Friday, June 29, 2012

Controversial Commercial

The National Association of Mental Illness is furious about a commercial General Motors ran during the Super Bowl that depicted a GM manufacturing robot taking a suicidal leap from a bridge because it had made a mistake on the assembly line. The robot is fired because of GM's "obsession" with quality.


In a letter to GM on February 7, NAMI warned that concerns over depictions of suicide in mass media have been raised in the past by the U.S. Surgeon General, Center for Disease Control and Prevention, and National Institute of Mental Health -- as well as groups like NAMI -- because of the risk of "suicide contagion," the clinical term for "copy cat" suicides.


In addition, suicide rates increase as unemployment rises. GM has engaged in major restructuring that has caused many employees to lose their jobs, NAMI noted in its letter. "The irony is unbelievably callous," making the ad "even more distasteful."

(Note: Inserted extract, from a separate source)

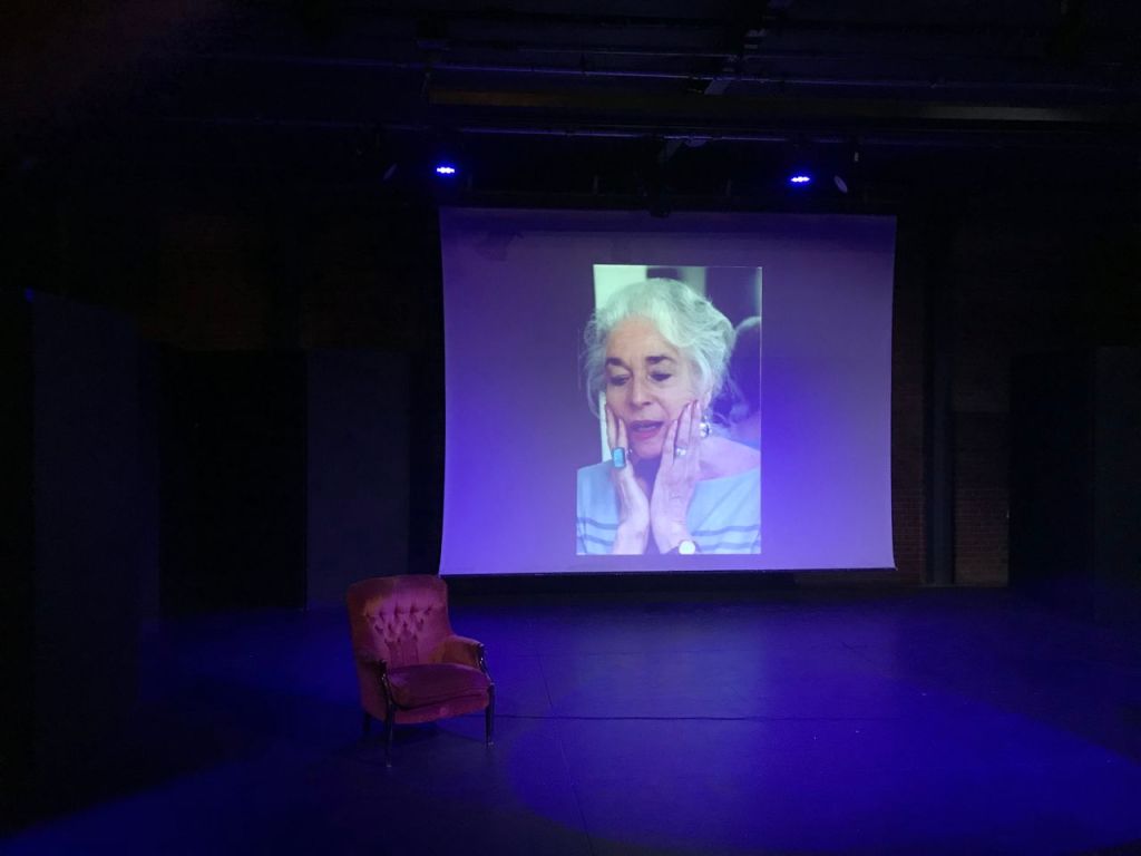 Dean read some rather odd and conventional poems, the best of which was Gus the Theatre Cat. While on the stage a relatively recent photo of her, with the chair – probably supplied by Anne Grey – where she used to sit on the final visits to the Cut, right a the back.

GM's tepid response -- noting that the company had received a handful, but not a "tsunami" of complaints" -- did not improve matters. And regardless of one's position on the merits of NAMI's complaint (which, for the record, I find quite reasonable), assessing the worth of the point by reference to how many persons it seemed to bother probably isn't the most refined heuristic. The fact that majorities of people are not bothered by events does not alone imply their permissibility.